→ Provided material:
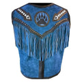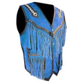 Men's Blue Western Leather Fringe Vest & Tribal Beaded Detailing – Rodeo Cowboy Style
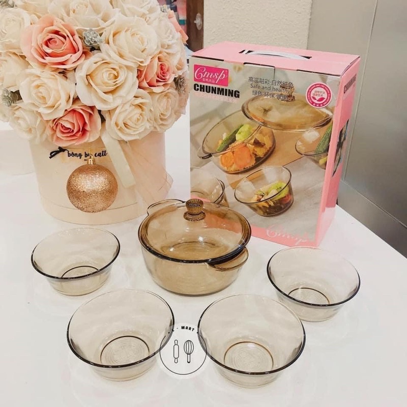 Nhà cửa & Đời sống > Bộ đồ bàn ăn > Tô || Bộ bát thủy tinh 5 món kèm nồi ChunmingCòn hàng
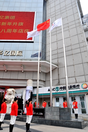 2020年1月1日,華億集團2020年新年升旗儀式暨華億國際購物中心18周年店慶慶典活動在步行街華億廣場隆重舉行。集團董事長項義水,總裁項領,集團財務總監劉建林,集團總裁助理陳雪榮,華億國際全體經營班子成員,以及員工代表參加了慶典活動。華億國際副總經理、旗艦店店總王萍女士主持慶典儀式。

→ Exercise aim:
Retype the whole listing word for word. Skip the pictures.

→ Problem solution:
 Men's Blue Western Leather Fringe Vest & Tribal Beaded Detailing – Rodeo Cowboy Style
 Nhà cửa & Đời sống > Bộ đồ bàn ăn > Tô || Bộ bát thủy tinh 5 món kèm nồi ChunmingCòn hàng
 2020年1月1日,華億集團2020年新年升旗儀式暨華億國際購物中心18周年店慶慶典活動在步行街華億廣場隆重舉行。集團董事長項義水,總裁項領,集團財務總監劉建林,集團總裁助理陳雪榮,華億國際全體經營班子成員,以及員工代表參加了慶典活動。華億國際副總經理、旗艦店店總王萍女士主持慶典儀式。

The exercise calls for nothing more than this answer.